Knowledge automation expert systems with Exsys Corvid software and services have been developed worldwide in a wide variety of fields such as medicine, maintenance, human resources, government, energy, and many others [52]. The use of Exsys Corvid as a development tool for building an expert system is shown in articles [53 – 56].

5.2 CLIPS

CLIPS [57] is a well-known rule-based software tool for building expert systems. It is written in the C programming language and uses forward chaining. Currently, CLIPS is actively used in numerous modern projects, such as the development of an expert system for the selection of tunnel boring machine [58], rule-based expert systems prototyping [59], as well as a digital fitness coach [60].

5.3 Java Expert System Shell (JESS)

The Java Expert System Shell (JESS) is another popular shell for building expert systems. This shell is an interpreter for the Jess programming language and can be used in console and GUI applications. From an architectural point of view, JESS is a production system that executes a rule-based program [61].

JESS has been used successfully in many projects, including Interactive Voice System [62], semantic web service discovery [63], security risk analysis [64], building virtual laboratory platform [65], and others.

5.4 Kappa PC

Kappa PC [66, 67] is a shell that brings together the critical technologies needed to rapidly develop low-cost and high-performance expert systems. It allows writing applications using GUI and generates standard ANSI C code. Domain components are represented as objects and can represent real things like cars or intangible concepts like property, and these objects can be extended using methods [66].

Applications of the Kappa PC software can be found in many projects such as an expert system for the design of commercial buses [68] or an advisory system that helps to improve the efficiency of the transport system [69].

5.5 Prolog

Prolog [70 – 72] is a logic programming language that is very popular in artificial intelligence programming and is often used for expert systems. The main features of Prolog are pattern matching mechanism, automatic backtracking, and tree-based data structuring.

5.6 Flex

Flex is a Prolog-based expert system’s toolkit. It supports frame-based reasoning with inheritance, rule-based programming, and data-driven procedures fully integrated into a logic programming environment [73, p. 9]. There are many expert systems built using this shell, for example, an expert system for site selection for thermal power plants [74] and an expert system for interpreting the results of the allergen microarray [75].

5.7 Gensym G2

G2 is a powerful expert system for real-time operations provided by Gensym Corporation. G2 can process tens of thousands of rules per second, supports reasoning within a deadline and default reasoning, natural language rule definition, and task priority scheduling [76].

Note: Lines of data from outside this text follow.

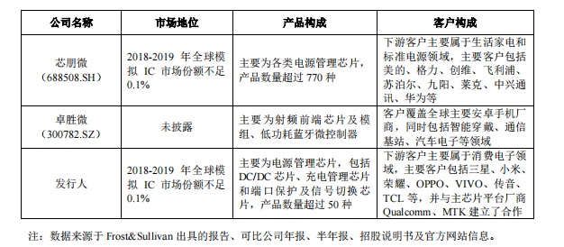 总体而言,希荻微现有产品线聚焦于 DC/DC 芯片、充电管理芯片和端口保护及信号切换芯片领域,产品型号仅数十种,与广泛覆盖各类模拟芯片的 TI、ON Semi、Maxim 等国际龙头厂商相比,公司产品结构较为单一;与矽力杰、圣邦股份等国内模拟芯片供应商相比,公司产品种类仍相对较少。因此,发行人目前产品线尚不完全,存在盈利点单一、抗风险能力较弱的劣势。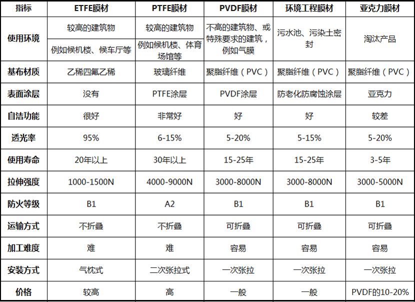 膜材對比表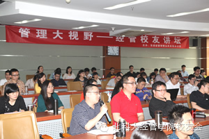 2014年4月24日,“管理大视野—经管校友讲坛”第二讲在经管楼312教室如期举办。本期讲坛邀请到的是学院86级硕士研究生、2005级博士研究生、学院兼职教授、博士生导师,现任中国兵器工业集团公司党组成员、总会计师罗乾宜教授。讲座主题为“创新源于实践—基于实践问题的企业管理创新”。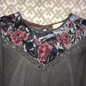 Altar'd State Floral Velvet Boho Sleeve Top Size S

G2 was used in such projects as a dynamic simulation of an opencast coal mine [77], and implementation of a conceptual framework for modeling a biopharmaceutical manufacturing plant [78], where high performance and reliability were needed.

5.8 Lisp

In addition to Prolog, Lisp is another popular programming language for creating expert systems, which is actively used today in projects such as an expert system for diagnosing and treating diabetes [79] and others.

5.9 VisiRule

VisiRule [81] is a popular visual modeling tool which is designed for building reliable decision models. VisiRule requires no programming skills and generates Flex and Prolog code from visual models. An example of working that VisiRule can be found in the study [81] describing the creation of a rule-based decision-making expert system.

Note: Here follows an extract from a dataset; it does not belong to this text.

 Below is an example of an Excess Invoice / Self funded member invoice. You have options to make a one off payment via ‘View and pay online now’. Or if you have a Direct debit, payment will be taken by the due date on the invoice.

As shown above, there are many shells and programming languages that can be used to build expert systems. Unfortunately, many tools are not currently supported. The technical report [82] provides a detailed overview of many of these.

6 Categorization and classification tasks using expert systems

Expert systems can be used to solve a categorization problem, i.e., they can determine some objects or consequences of uncertain knowledge through hierarchical categorization. The knowledge base of such categorical systems consists of a taxonomic set of verbal categories, and their purpose is to determine the category of the input object based on the available facts [83].

Since categorial knowledge consists only of logical relationships between facts and does not contain an element of doubt, it can be expressed as IF-THEN rules. Categorical expert systems also require an inference engine to solve a particular problem. The inference engine can use backward and forward chaining methods and include explanation and conflict resolution modules [84, pp. 25-30].

Current research shows that, in addition to the rule-based approach, the neural network approach is currently very popular in creating a classification module for such expert systems. There are many applications of expert systems in data classification and categorization problems and this section contains a description of some of them.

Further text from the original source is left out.